And then the script runs queries matching a random subset the table,
with fractions 1%, 5%, 10%, 25% and 50% (queries with different
selectivity). The ranges are generated at random, it's just the length
of the range that matters.

The script also restarts the database and drops caches, so that the
prefetch actually does something.

Attached are CSV files with a complete run from the two SSD devices, if
you want to dig in. But the two PDFs are a better "visualization" of
performance compared to "no prefetch" (eic=0).

The "tables" PDF shows timing compared to eic=0, so 100% means "the
same" and 200% "twice slower". Or by color - red is "slower" (bad) while
green is "faster" (good).

The "charts" PDF shows essentially the same thing (duration compared to
eic=0), but as chart with "eic" on x-axis. In principle, we want all the
values to be "below" 100% line.


I think there are three obvious observations we can make from the tables
and charts:

1) The higher the selectivity, the worse.

2) The more sequential the data, the worse.

3) These two things "combine".


For example on the "random" data, prefetching works perfectly fine for
queries matching 1%, 5% and 10% even for eic=1. But queries matching 25%
and 50% get much slower with eic=1 and need much higher values to even
break even.

The less random data sets make it worse and worse. With random-32 all
query cases (even 1%) require much at least eic=4 or more to break even,
and with "sequential" it never happens.

I'd bet the NVMe devices will behave mostly the same way, after all
David showed the same issue for prefetching on sequential data. I'm not
sure about the "more random" cases, because one of the supposed
advantages of modern NVMe devices is they require lower queue depth.

This may also explain why we haven't received any reports - most queries
probably match either tiny fraction of data, or the data is mostly
random.

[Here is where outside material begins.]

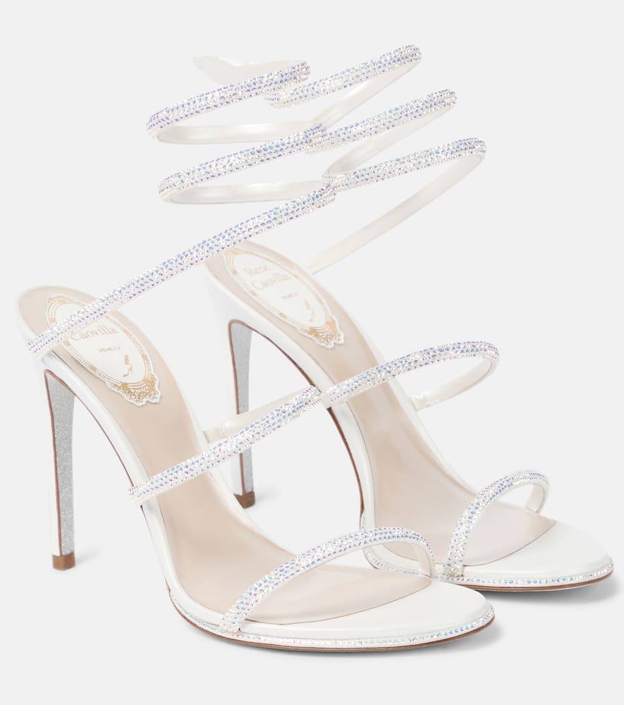 Upper: leather. Lining: leather. Sole: leather insole and sole. Toe shape: round open toe. Made in Italy. Includes: shoe box, dust bag. Designer color name: Ivory Satin/Transmission Stra. Closure: ankle strap. Details: crystals. Shop the latest Rene Caovilla High-Heel Sandals for women now.

So prefetching either helps, or at least is not too harmful.


I think this can be explained mostly by OS read-ahead and/or internal
caching on SSD devices, which works pretty well for sequential accesses
and "our" prefetching may be either unnecessary (essentially a little
bit of extra overhead) or interfering with it - changing the access
pattern so that OS does not recognize/trigger the read-ahead, or maybe
evicting the interesting pages from internal device cache.

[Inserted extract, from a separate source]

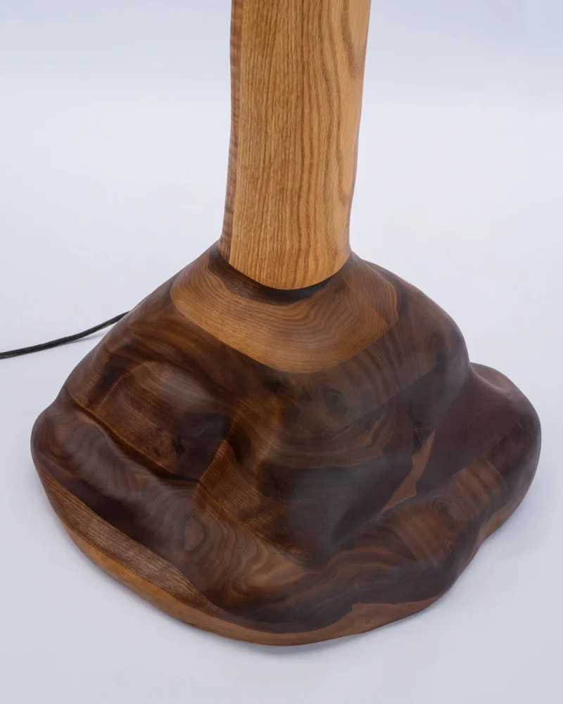Crafted from premium red oak and walnut wood, the lamp showcases the rich textures and natural beauty of these materials. Finished with a natural hard-wax oil, it offers both protection and a silky, matte finish, preserving the wood’s authentic appearance and tactile warmth while ensuring durability for everyday use. This floor lamp is not just a functional light source but a refined piece of art that brings character and elegance to any interior.

What can we do about this? AFAICS it shouldn't be difficult to look at
the bitmap generated by the bitmap index scan, and analyze it - that
will tell us what fraction of pages match, and also how sequential the
patterns are. And based on that we can either adjust prefetching
distance, or maybe wen disable prefetching for cases matching too many
pages or "too sequential". Of course, that'll require some heuristics or
a simple "cost model".



regards


[1]
https://www.postgresql.org/message-id/CAHyXU0yiVvfQAnR9cyH%3DHWh1WbLRsioe%3DmzRJTHwtr%3D2azsTdQ%40mail.gmail.com


-- 
Tomas Vondra
EnterpriseDB: http://www.enterprisedb.com
The Enterprise PostgreSQL Company
Attachment

RE: effective_io_concurrency and NVMe devices

From
Jakub Wartak
Date:
Hi Nathan,

> > NVMe devices have a maximum queue length of 64k:
[..]
> > but our effective_io_concurrency maximum is 1,000:
[..]
> > Should we increase its maximum to 64k?  Backpatched?  (SATA has a
> > maximum queue length of 256.)
>
> If there are demonstrable improvements with higher values, this seems
> reasonable to me.  I would even suggest removing the limit completely so
> this doesn't need to be revisited in the future.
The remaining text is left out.